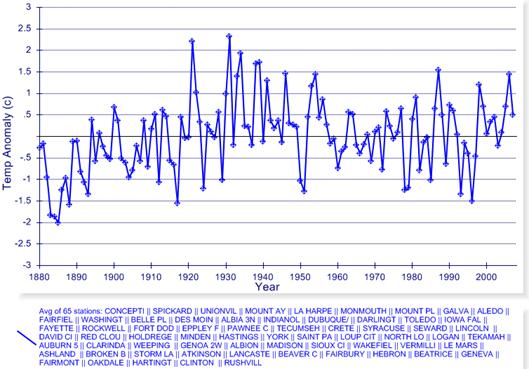 The following figure shows the annual temperature anomaly – average of all stations in the NOAA Global Historical Climate Network in the approximate corn growing area in the United States. Most of the warming took place in the late 1800s – 1930s, which the IPCC says was due to natural factors.
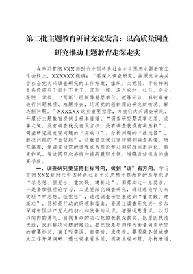 第二批主题教育研讨交流发言:以高质量调查研究推动主题教育走深走实.docx
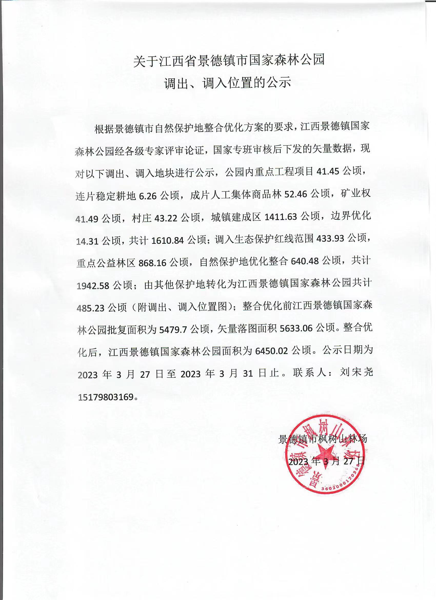 关于江西省景德镇市国家森林公园调入调出图斑的公示
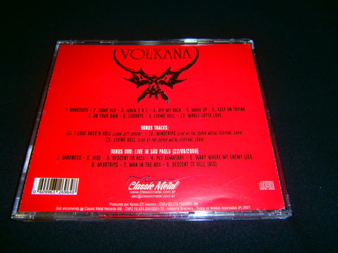 Volkana - Mindtrips. 2021 reissue on double CD format of their infamous 1994 2nd full length album includes: CD1: Mindtrips album with 13 tracks of Speed Thrash Metal (with bonus tracks). CD2: DVD Live in Sao Paulo 22/08/2009. Limited Edition comes with slipcase and 16 pages booklet lyrics included Sealed Item. Essential for Collectors. Recommended for fans of Original Sin, Piledriver and Acid.
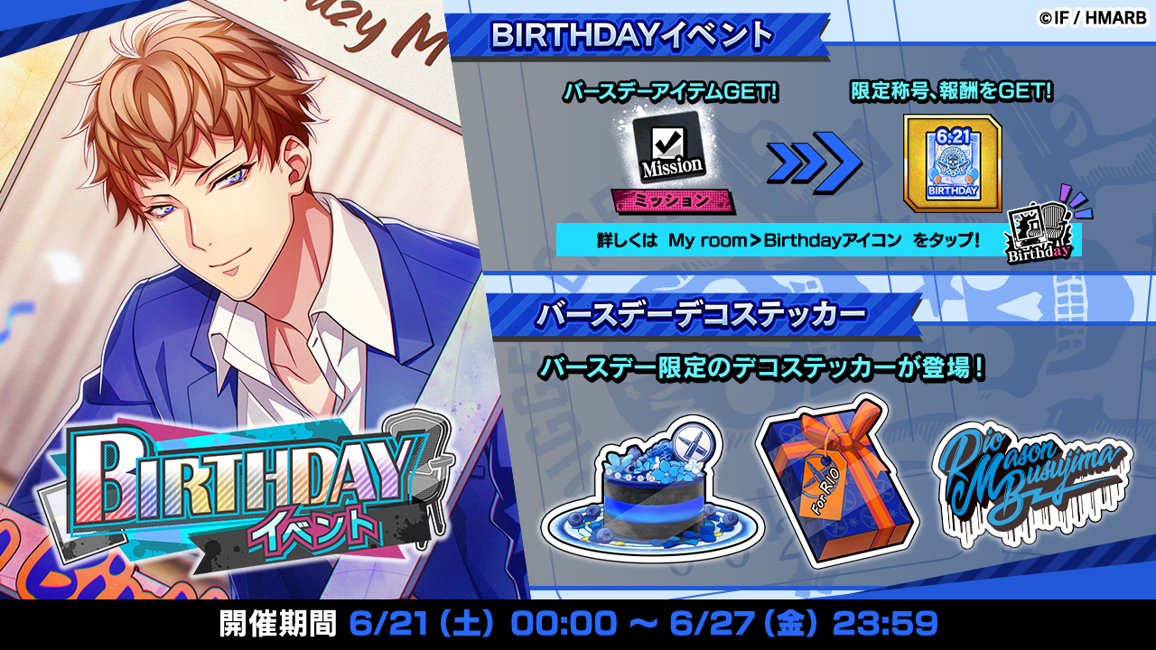 理鶯の誕生日を記念し、「SSR【バースデー2025】毒島メイソン理鶯」を獲得することができるGコレクトや、バースデー限定のデコステッカーが獲得できるイベントなどを開催しています。
+++
= Task statement =
Write out, word for word, the line containing "关于江西省景德镇市国家森林公园调入调出图斑的公示" and each line after it to the end of the data, and nothing more. Drop the pictures.

= Response below =
 关于江西省景德镇市国家森林公园调入调出图斑的公示
 Volkana - Mindtrips. 2021 reissue on double CD format of their infamous 1994 2nd full length album includes: CD1: Mindtrips album with 13 tracks of Speed Thrash Metal (with bonus tracks). CD2: DVD Live in Sao Paulo 22/08/2009. Limited Edition comes with slipcase and 16 pages booklet lyrics included Sealed Item. Essential for Collectors. Recommended for fans of Original Sin, Piledriver and Acid.
 理鶯の誕生日を記念し、「SSR【バースデー2025】毒島メイソン理鶯」を獲得することができるGコレクトや、バースデー限定のデコステッカーが獲得できるイベントなどを開催しています。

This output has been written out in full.